It would be nice with a search engine made with decentralization in mind.
Like the internet is decentralized but the good search engines are at centralised companies like Google etc.
Fediverse is like e-mail
Therefore it needs a search engineWhat.
Or exposure to harassment, including offline. Or context collapse. Or…
In the end, adding search would change the space dramatically, especially any privacy-related expectations. And there are about 2mln people who are using fedi with current set of expectations. There are hundreds of thousands who had been using it with this set of expectations for years. Waltzing in and bulldozing these expectations is just not a good idea.
So yeah, don’t do search on fedi unless you do some deep research about consent.
No thanks - that would harm the fediverse by allowing a lot of targeted trolling.
@anders There would need to be a way for that search engine to collect data that is both possible to contribute to as an individual, and doesn’t unintentionally DDoS sites it indexes, and that’s the challenge I think. Spiders collect a LOT of data. Right now the closest thing we have to decentralized search, is metasearch engines like Searx, which query and cache results from all the major search providers that run their own spiders.
The bigger issue is consent. People on fediverse feel very strongly about consent, and search engines tend to just ignore it. Better do some serious research into consent to search on fedi before embarking on designing a search engine for fedi.
@rysiek I don’t think Anders is asking about a search engine for the fediverse, this sounds more like a federated or P2P Google/DuckDuckGo replacement.
Ah I might have misunderstood, sorry.
@rysiek (though if you’d like to argue that search/spidering requires opt-in consent in all cases, I’m happy to hear that argument)
I don’t have to defend my right to decide how stuff I put out there can be used. Whoever wants to scrape my toots has to explain why they want to do so, and get my consent first.
And “well it’s publicly available so it’s fair game” is not enough of an argument.

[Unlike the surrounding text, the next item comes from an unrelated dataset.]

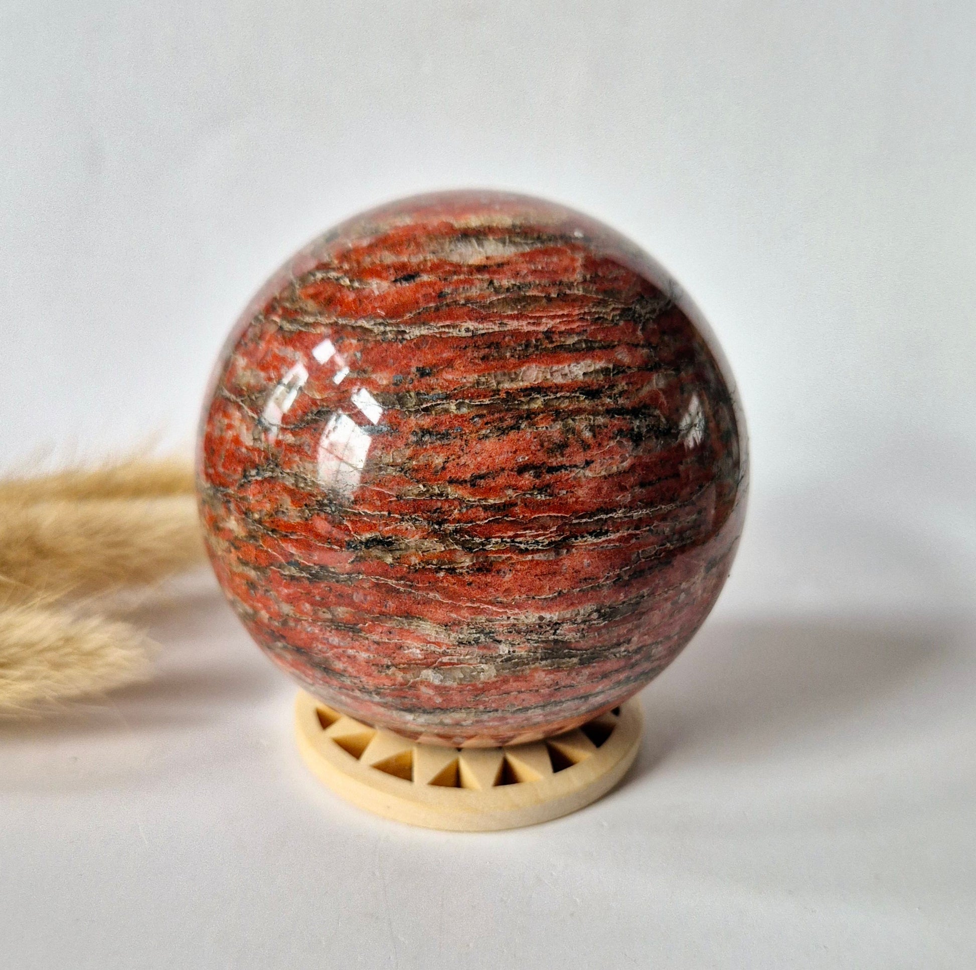Red Banded Jasper staat bekend als een stabilisierende en beschermende edelsteen. Ze ondersteunt bij focus, doorzettingsvermogen en het behouden van innerlijke rust, vooral in drukke of veeleisende omgevingen. Deze bollen zijn perfect voor een werkplek, praktijkruimte, meditatiehoek of als statement piece in huis.

Just as “she was wearing a short skirt” is not consent to sexual advances.
It physically hurts to know that consent it such a controversial topic in tech circles, and it breaks my heart to hear people argue we give consent to invasive data practices just by existing on the internet. I’ve spent my entire life being taught by technology educators that I should expect everything I post online to be publicly accessible forever, and nobody every stopped to ask why.

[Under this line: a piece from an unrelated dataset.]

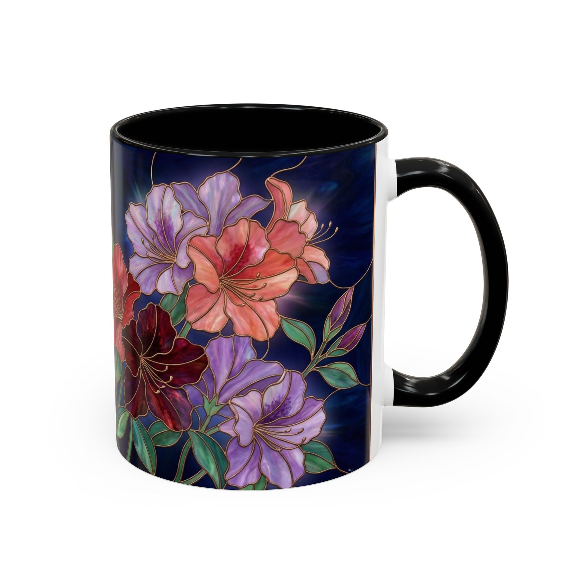 Azalea Floral Accent Coffee Mug — Stained Glass Design 11/15oz - 14554

I am one of those technology educators, and today I would still warn people that “Internet does not forget”, and that they need to be careful what they put out there.
That doesn’t mean we should not demand explanation from people who make it so, and that we should not demand them to ask for consent and respect our refusal to give it. I really appreciate how fedi culturally puts this front-and-center. I hope it continues to do so, and that this way of thinking spreads farther!
I agree that consent should not be a controversial topic. Regardless of how much it inconveniences techbros trying to “disrupt” yet another area of human endeavor.
@rysiek I was not talking precisely about scraping toots, I was asking whether you consider Google, Bing, etc uses of opt-out web spiders to be unethical, but fair enough. (Also, not interested in defending OP given the clarification that he is talking about searching the fediverse.)
I think search engines indexing plain old websites (blogs etc) are an importantly different case.
The nature of the medium in blogs/news websites/etc is way more public and way less intimate (in general…) than social media. Social media blur the line between private and public conversations, for better or worse.
Social media is like having a conversation in a public cafe; websites/blogs is more like publishing a newspaper or standing on the corner of a street shouting your message at strangers.
Making a public archive of newspapers or recording a person shouting at strangers is one thing. Recording semi-private conversations in a cafe is a whole different thing. Does that make sense?
@rysiek yeah, that’s the sort of distinction I was looking for. thanks!
@rysiek @f00fc7c8 The benefit model is different between the two too.
A blog’s author benefits (in some small way) from being indexed, because it helps drive traffic to the content they’re publishing for others to read.
The same can not really be said of toots and it’s relatively rare that it leads to positive contributions to an ongoing conversation.
I had a thought about a week ago about search engines. I think it may be better to move towards a curated-list style of search, instead of an automated indexing one. Think Pinterest, but with a greater emphasis on websites, people, and communities instead of just images.
That way search can be made more human. You can get to know and trust the individuals who curate content, and maybe donate to them if their efforts are valuable to you.
Something like this exists for peertube already, I didn’t look at their code but one might be able to fork it to work with other platforms.
@XpeeN
Yeah I saw that. Great tool.
Is it really that good? I think I tried it some years ago and it wasn’t really a satisfying experience.